What is being asked => Every line of the data below must be output exactly, with images left out.
══ Supplied information ══
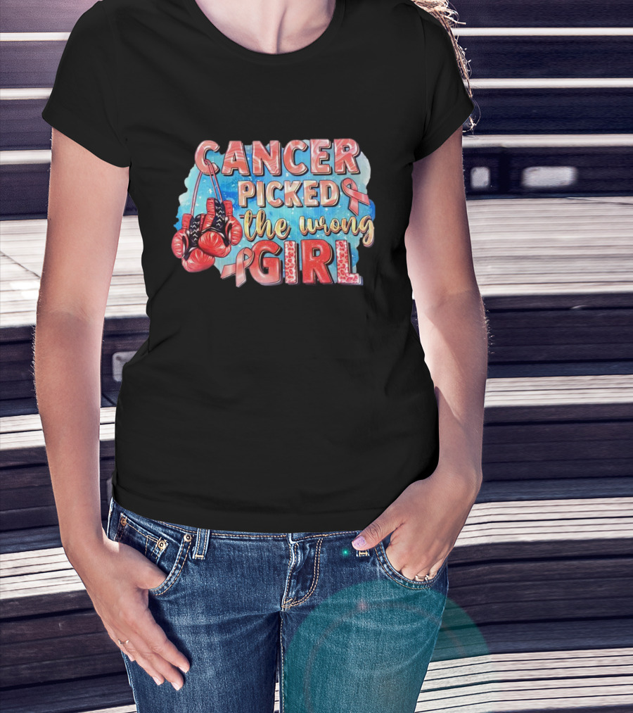 Cancer Picked The Wrong Girl Pink Ribbon Boxing Gloves T-Shirt
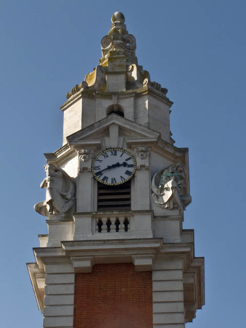 We looked to the left to capture Lambeth Town Hall, venue of perhaps far too many evenings of my life. Four figures represent Justice, Science, Art, and Literature. Your guess will be as good as mine as to which we can see in this photo.
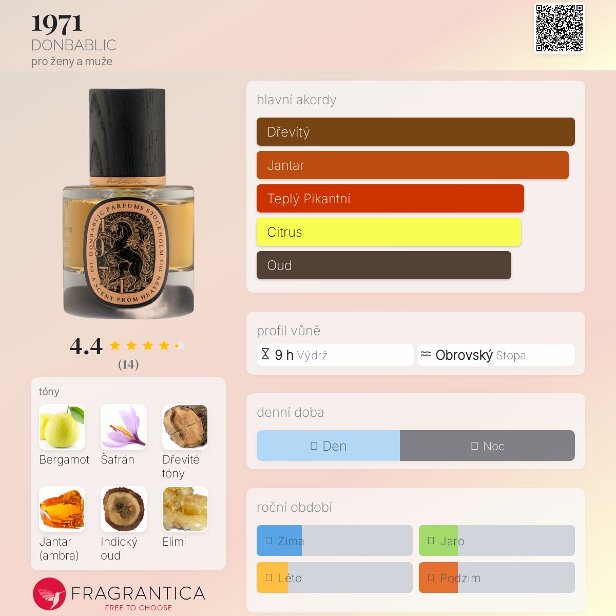 1971 podle DONBABLIC je Woody vůně pro ženy a muže. 1971 byl/a uveden/a v roce 2022. Vrchní tóny jsou Sicilský bergamot, Šafrán a Elimi; střední tóny jsouDřevité tóny, Jantar (ambra) a Bulharská růže ; základní tóny jsou Indický oud, Pryskyřice, List indonéského pačuli a Pižmo.
═══
Completed task =>
 Cancer Picked The Wrong Girl Pink Ribbon Boxing Gloves T-Shirt
 We looked to the left to capture Lambeth Town Hall, venue of perhaps far too many evenings of my life. Four figures represent Justice, Science, Art, and Literature. Your guess will be as good as mine as to which we can see in this photo.
 1971 podle DONBABLIC je Woody vůně pro ženy a muže. 1971 byl/a uveden/a v roce 2022. Vrchní tóny jsou Sicilský bergamot, Šafrán a Elimi; střední tóny jsouDřevité tóny, Jantar (ambra) a Bulharská růže ; základní tóny jsou Indický oud, Pryskyřice, List indonéského pačuli a Pižmo.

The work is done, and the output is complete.